In meiner Riege bin ich als letzte an der Reihe – wir vier streben heute den 2. Kyu an – lege den ersten Pfeil ein, hebe den Bogen, ziehe ihn langsam auf, es läuft wie am Schnürchen. Der Pfeil fällt. Der Pfeil fällt? Ja er fällt einfach zu Boden. „Shitsu ist kein Problem, das hast du geübt“, denke ich und beseitige meinen Fehler zügig und mit Gelassenheit. Ein Helfer holt ihn ab. Der zweite Pfeil wird dafür umso besser. Und genauso sollte es kommen, denn ich übertreffe mich diesmal selbst, als der zweite Pfeil, begleitet von einem unwillentlich geäußerten Ausruf des Entsetzens, laut scheppernd zu Boden geht.

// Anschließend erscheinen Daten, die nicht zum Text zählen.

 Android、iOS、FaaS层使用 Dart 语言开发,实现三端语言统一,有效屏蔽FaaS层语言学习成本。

Ich möchte jetzt nach Hause. Aber das geht nicht, denn es ist erst 11:30 Uhr – die Veranstaltung hat gerade erst begonnen und ich habe in den ersten Minuten bereits eindrucksvoll meine Fehlleistungen Pflöcken gleich lauthals eingeschlagen. „Läuft“, denke ich. Und was nun?  Auf Tischtennis umsteigen? Vom Bewegungsablauf deutlich zu kompliziert! Als ich beginne über Nordic Walking als neuen Sport nachzudenken, spricht mich meine Vereins-Kollegin Dagmar an: „Sabine hast du auch bemerkt, wie schwer sich die Pfeile aus dem Styropor hinter der Zielscheibe ziehen lassen? – Ach ne, du musstest deine ja gar nicht ziehen gehen“, korrigiert sie sich gleich darauf betreten. Wir beide müssen herzlich lachen, das tut gut.

Und dennoch bin ich jetzt verunsichert, habe das Gefühl, heute keinen Pfeil mehr ordentlich schießen zu können. Woran liegt das nur?

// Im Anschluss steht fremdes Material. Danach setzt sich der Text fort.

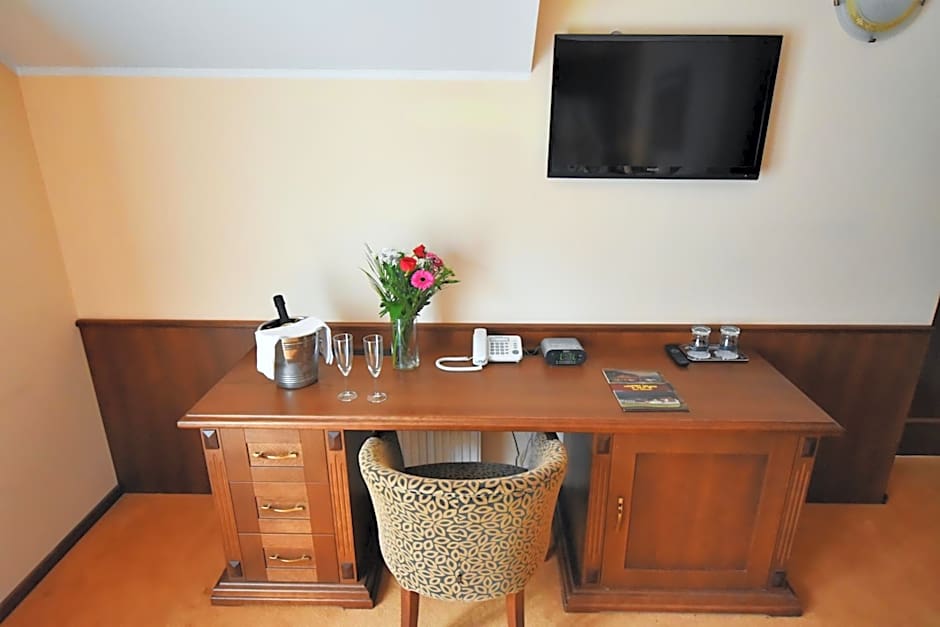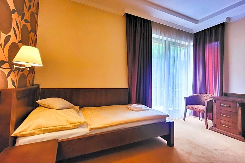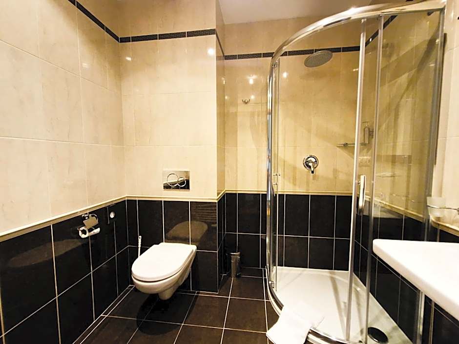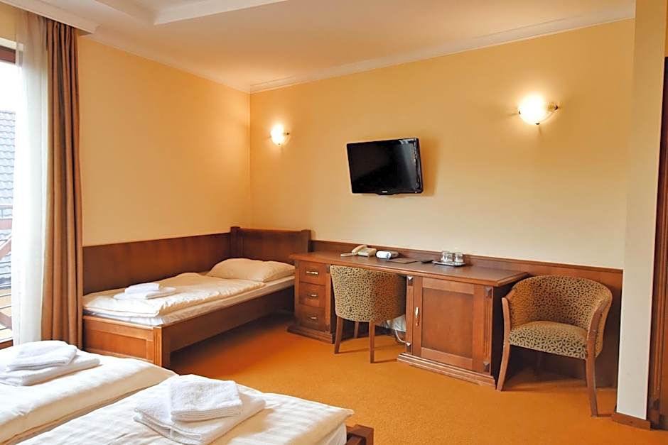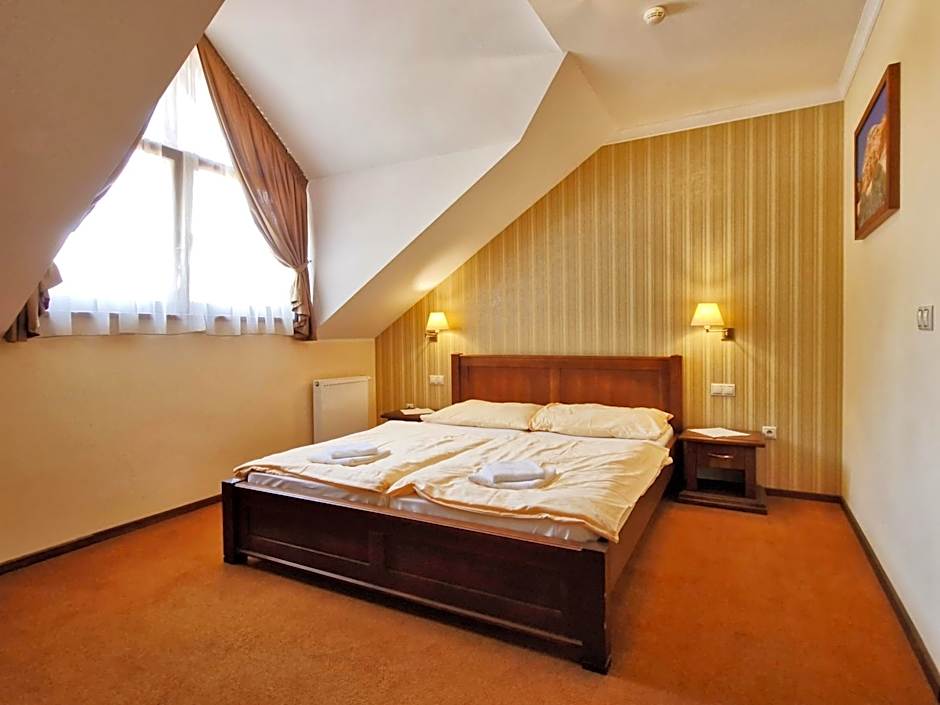 Spacious room with wooden furniture, a corner bath and a separate toilet. Features LCD satellite TV and a balcony with views of the Low Fatra Mountains.

Natürlich, Kyudo ist kompliziert! Manchmal kommt es mir vor wie ein riesen Puzzle. Als Kyudo-Anfänger freut man sich wie ein Vorschulkind, wenn es einem gelingt, die vier bis fünf riesigen Puzzle-Teile aus dicker Pappe ungelenk zusammenzuhauen und man tatsächlich das korrekte Bild eines Marienkäfers oder Teddybären zum Vorschein bringt. Doch dann werden die Puzzle-Teile immer mehr und kleiner, feiner, die Bilder größer und komplizierter. Da bin ich noch lange nicht, aber ich würde sagen, dass ich jetzt schon fast ein kleines Katzen-Bild puzzeln kann. Heute habe ich allerdings den Überblick über die Teile verloren, ich habe nicht mal die Ecken gefunden oder den Rand legen können. Deutlich besser läuft es nämlich auch in den kommenden Übungsrunden nicht. Mir fällt zwar kein Pfeil mehr runter, aber ich komme auch nicht recht in den Bewegungsablauf hinein. Alles ist entweder zu locker, zu steif, zu kontrolliert – von allem eben ein bisschen „zu sehr“, sodass ich zunehmend verunsichert bin.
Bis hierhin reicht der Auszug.